Dataset excerpts

◆ ◆ ◆ ◆ ◆

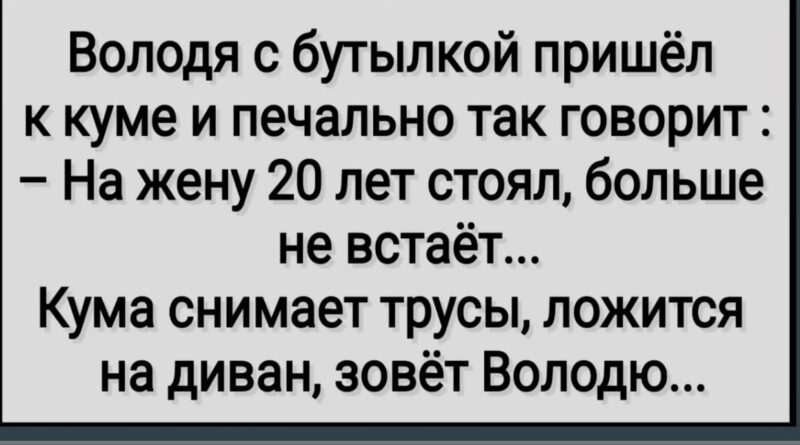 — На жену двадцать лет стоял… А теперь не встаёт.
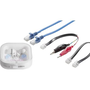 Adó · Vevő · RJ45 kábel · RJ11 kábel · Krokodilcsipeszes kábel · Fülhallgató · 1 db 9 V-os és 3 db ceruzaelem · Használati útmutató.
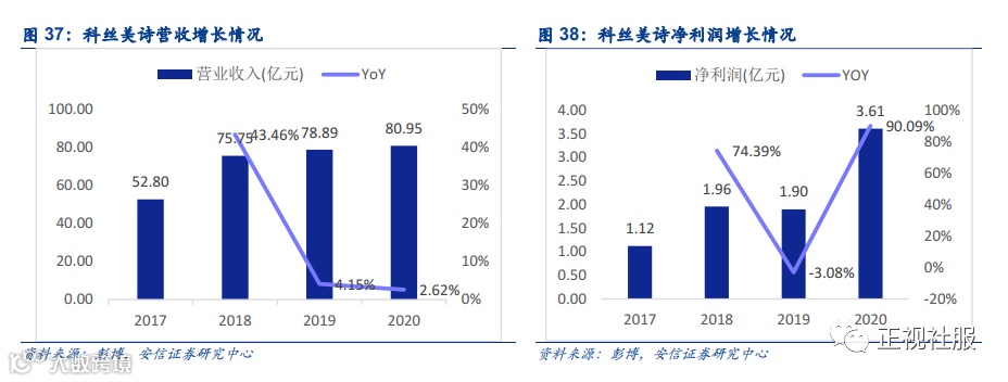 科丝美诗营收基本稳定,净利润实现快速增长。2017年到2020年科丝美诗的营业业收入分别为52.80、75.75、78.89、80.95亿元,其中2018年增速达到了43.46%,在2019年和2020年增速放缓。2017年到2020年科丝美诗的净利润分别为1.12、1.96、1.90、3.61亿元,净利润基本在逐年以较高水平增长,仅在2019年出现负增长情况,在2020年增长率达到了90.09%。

◆ ◆ ◆ ◆ ◆

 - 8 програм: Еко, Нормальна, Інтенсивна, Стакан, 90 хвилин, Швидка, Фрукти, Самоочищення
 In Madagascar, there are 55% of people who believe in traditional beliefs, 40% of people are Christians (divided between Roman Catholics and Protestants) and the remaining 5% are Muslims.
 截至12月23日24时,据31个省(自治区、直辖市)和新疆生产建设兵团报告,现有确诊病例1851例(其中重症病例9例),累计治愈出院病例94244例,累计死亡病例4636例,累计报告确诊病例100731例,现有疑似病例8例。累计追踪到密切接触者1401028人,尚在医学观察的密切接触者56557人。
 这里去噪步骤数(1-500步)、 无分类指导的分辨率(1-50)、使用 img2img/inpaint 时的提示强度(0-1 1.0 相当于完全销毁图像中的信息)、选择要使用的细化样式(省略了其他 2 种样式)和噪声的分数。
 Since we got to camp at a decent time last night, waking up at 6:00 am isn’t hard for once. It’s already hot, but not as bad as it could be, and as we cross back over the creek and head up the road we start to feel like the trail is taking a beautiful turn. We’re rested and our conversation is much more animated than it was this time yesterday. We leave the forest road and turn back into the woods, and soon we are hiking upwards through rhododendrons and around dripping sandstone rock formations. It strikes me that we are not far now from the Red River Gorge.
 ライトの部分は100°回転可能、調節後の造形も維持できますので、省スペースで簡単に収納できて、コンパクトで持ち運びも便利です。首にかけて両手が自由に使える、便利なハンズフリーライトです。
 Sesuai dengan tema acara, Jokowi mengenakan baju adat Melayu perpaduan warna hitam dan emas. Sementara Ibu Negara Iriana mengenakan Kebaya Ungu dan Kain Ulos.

◆ ◆ ◆ ◆ ◆

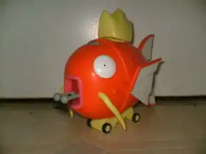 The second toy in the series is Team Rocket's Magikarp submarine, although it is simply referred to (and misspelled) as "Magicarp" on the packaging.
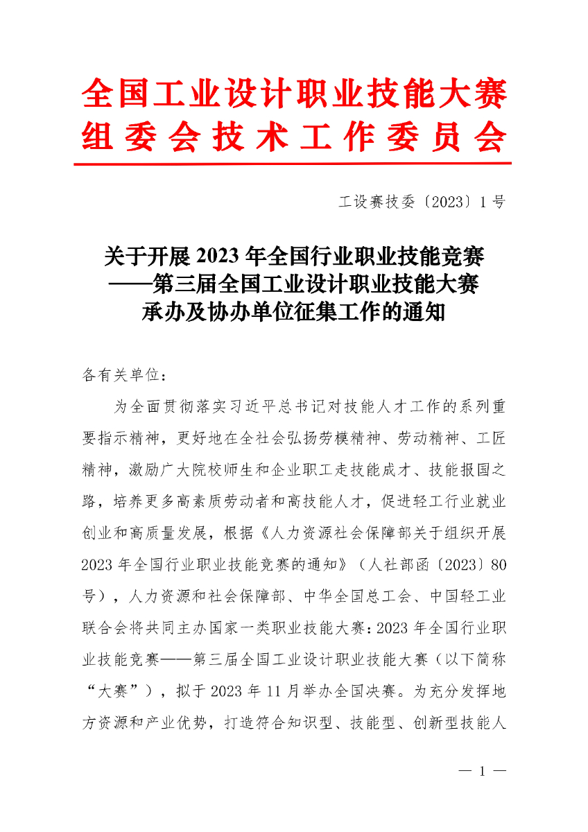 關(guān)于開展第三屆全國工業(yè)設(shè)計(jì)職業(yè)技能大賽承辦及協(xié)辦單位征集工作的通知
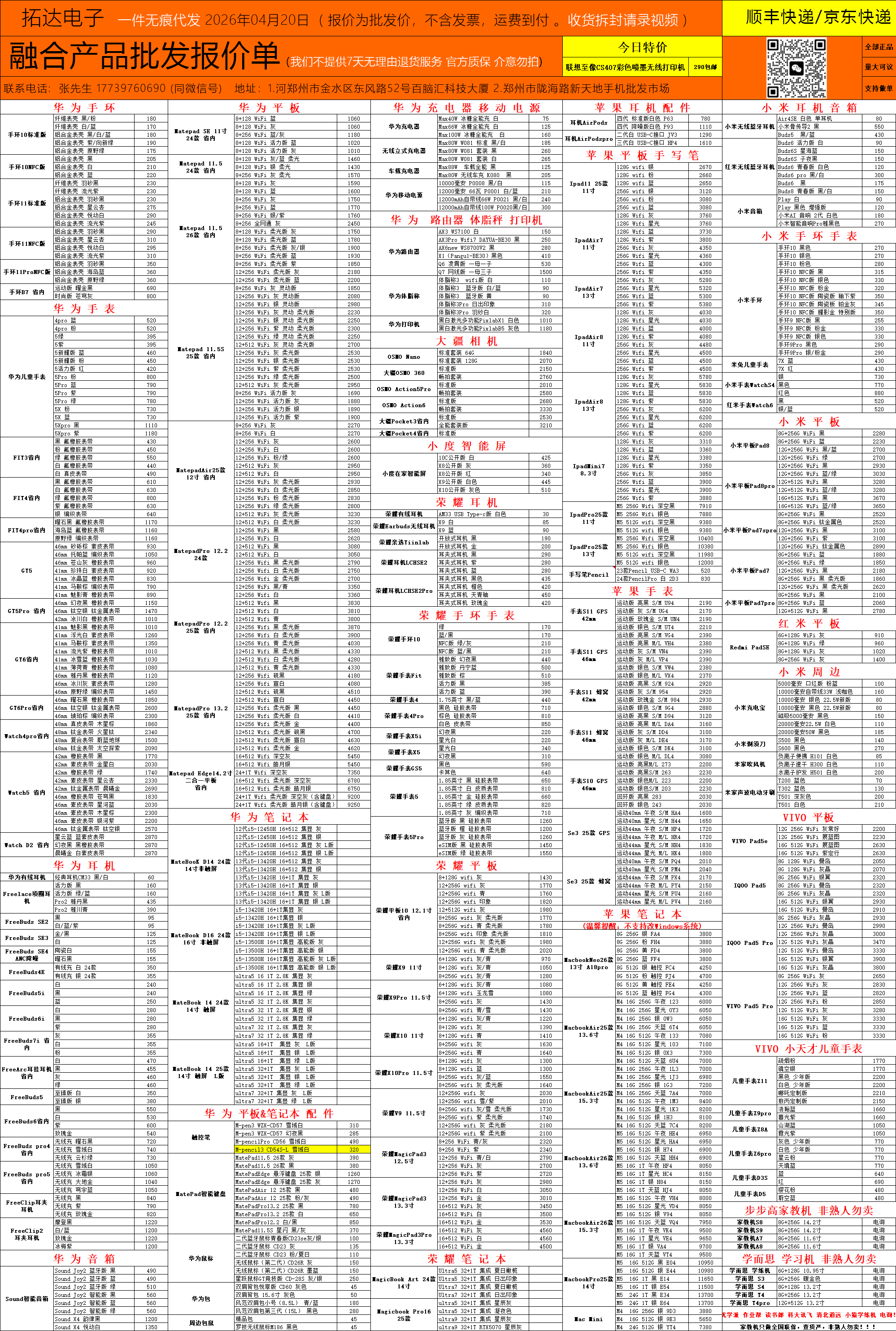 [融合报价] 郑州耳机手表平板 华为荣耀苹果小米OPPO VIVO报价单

◆ ◆ ◆ ◆ ◆

About this exercise
Look back at the data above, then output exactly the lines from the line holding "關(guān)于開展第三屆全" up to and including the line holding "[融合报价] 郑州耳机手表平板 华为荣耀苹果小米OPPO VIVO报价单". Leave out the pictures.

Answer below
 關(guān)于開展第三屆全國工業(yè)設(shè)計(jì)職業(yè)技能大賽承辦及協(xié)辦單位征集工作的通知
 [融合报价] 郑州耳机手表平板 华为荣耀苹果小米OPPO VIVO报价单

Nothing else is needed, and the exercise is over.